All that data is available now to Duke researchers, who can select a cohort (grouping of patients, e.g., diabetics), filter it and analyze it in regression models that determine which socioeconomic and other variables are actually relevant to their group.

“It’s a way of taking the bias out of traditional analysis where a researcher says, 'Let’s see if median income or public assistance plays a role,' and you only have the benefit of a handful of variables,” Pruitt says. “Instead of that, you let your statistical models tell you what’s going on and where the true correlations exist.” 

Big Data Results

Pruitt sees the system’s benefits initially extending to researchers and clinicians. “Visualize it like this: A patient comes in with certain symptoms, you run probability models on those symptoms, but then you also have the geographic influences that let you visualize an outbreak of flu in a neighborhood,” she says. “This is valuable information you could certainly serve back to the doctor and the community.” By extension, a third constituency is the patients themselves, who might better see how environmental conditions affect diabetes or heart disease.

Duke is now working on a proof of concept, developing algorithms for map locations and patient proximities. In the setup, smoking behavior has been correlated with different geographic signatures to predict where people are likely to smoke, which would be helpful in real-time interventions.

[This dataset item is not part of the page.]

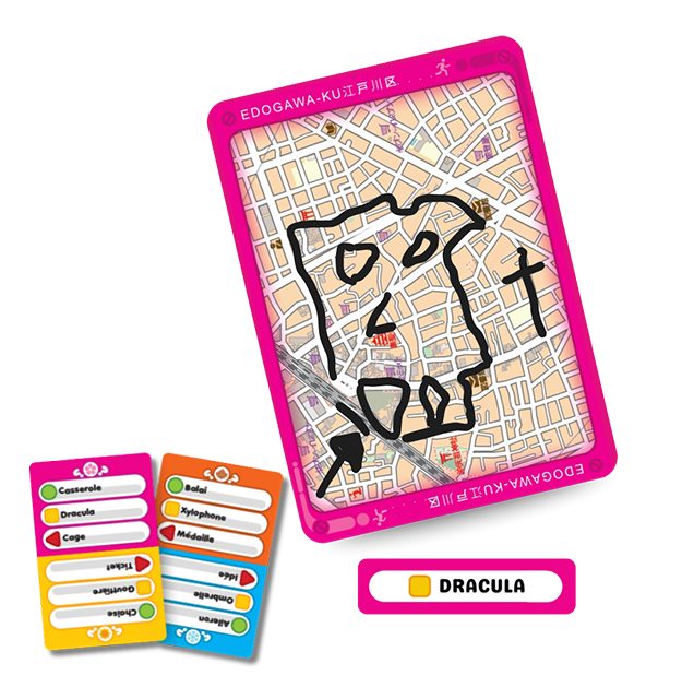 Tous les joueurs dessinent en même temps sur des plans représentant différents quartiers de Tokyo. Le but : faire deviner un mot en quelques secondes. À chaque mot trouvé, vous gagnez du temps pour dessiner le suivant. La partie est gagnée si l’équipe réussit à faire deviner un mot sur chacun des 23 plans. Le temps est géré via une application mobile (nécessaire), rendant le rythme de jeu fluide et intense. Attention : feutres non inclus.
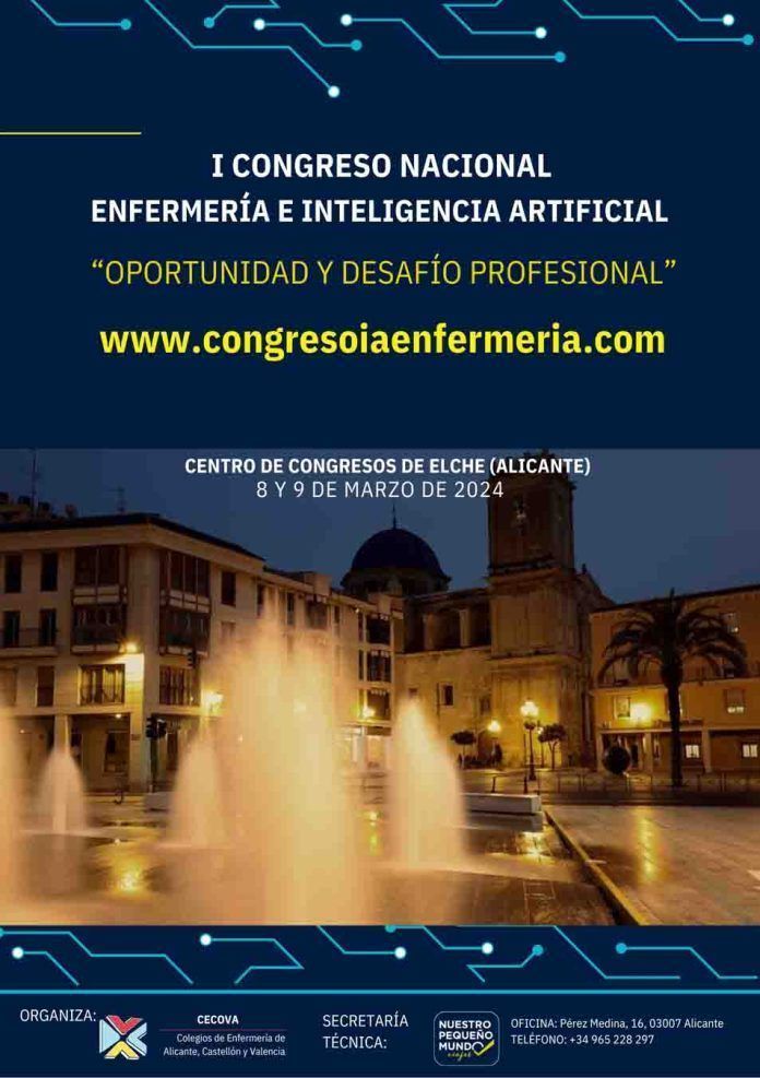 Controlar y optimizar la IA, el reto del sector sanitario; impacto de la IA en salud; seguridad, privacidad y ética en el manejo de herramientas de IA; monitorización, seguimiento del paciente y atención domiciliaria; automatización de tareas y apoyo en la toma de decisiones; IA aplicada a la educación y a la formación continuada, y avances en IA aplicados al seguimiento en pacientes con enfermedades crónicas, son algunos de los temas que se abordarán durante el Primer Congreso Nacional de Enfermería e Inteligencia Artificial que se va a celebrar los días 8 y 9 de marzo en Elche organizado por el Consejo de Enfermería de la Comunidad Valenciana (CECOVA).

Pruitt also is creating on-demand models that scale to the full population of electronic health records and could be used for any number of purposes, such as tracking outbreaks of food-borne illness to routing patients to the most cost-effective facilities for hip replacements.

“It’s easy to visualize or just say, ‘Oh, this person lives in a low income neighborhood with lots of fast food restaurants.’ You could probably do that very quickly,” she says. ”But the only way to really understand the statistical significance of what’s going on and where else it’s happening or going to happen is through infrastructure development, by pre-downloading that data, prepping and pre-relating that data to every address and every EHR.”